In software, the dynamics are reversed. Once a bug is fixed, it’s not going to appear again on its own. Boring bugs tend to decrease over time.
Which means that, in time, the only bugs that remain in software are zebras: exotic, hard to reproduce, difficult to find.
As a result, there is only one way to build high quality software. You ship as soon as you can, and then you find and crush all the bugs in the system one by one.
Software is built with time, and it is run with money. Money pays for running the software and lets you find the bugs.
Time spent in the codebase is the path to high quality software.
Me-as-a-Service
How does all of this get funded?
Another way of asking the same question is: who should spend time in the codebase improving its quality while others benefit for free?
The short answer is: whoever gets paid to do so.
Unlike closed source, an open source payment orchestration library like acquiring is used, is looked at, and is being improved by many companies, rather than one. The increased frequency of improvements will render its closed source alternatives obsolete.

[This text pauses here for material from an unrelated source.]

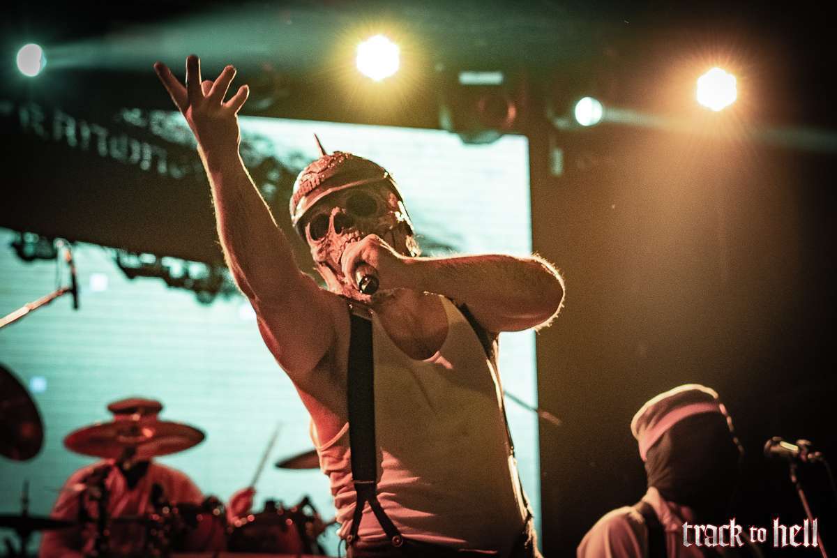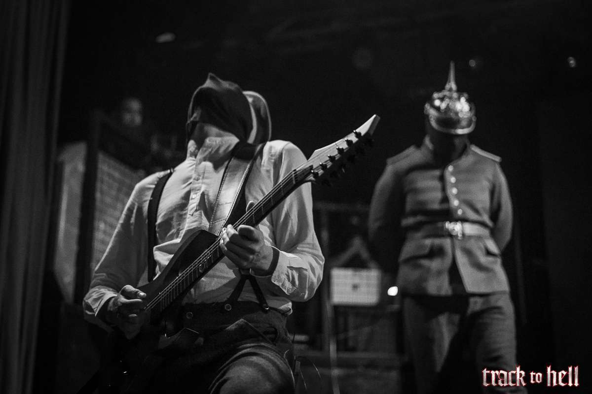 Así fue pasando la noche, con Noise volviendo a su uniforme de oficial y más canciones que nos llevaban a diferentes escenarios de “la guerra que terminaría con todas las guerras”, con la imagen de un zeppelin de fondo con el nombre de la banda. “Z-Vor!” y las batallas marítimas, “Der Maulwurf” y el tener que andar trabajando en las minas, “Panzerhenker” y sus soldados especializados en destruir tanques, “Die Havarie” y el horrible escenario de estar atrapado en un submarino, donde además pudimos ver a Noise usando un redoblante para acompañar la intro. Un viaje a través de la historia de la guerra en música, con unas guitarras que aplastaban todo a su paso con sus riffs.

Closed source software doesn’t get improved unless it makes economic sense to the company that built it. But there’s a company somewhere willing to fund a particular use case, regardless of its usefulness to others.
As a result, if open source is useful to you, not “as is”, but adding a particular behavior you need but don’t have the time to implement yourself, you’ll pay money to get it done.
Open source payments can be funded with a Me-as-a-Service business model. You pay for it as long as “as is” is not enough.
Otherwise, permission is hereby granted free of charge.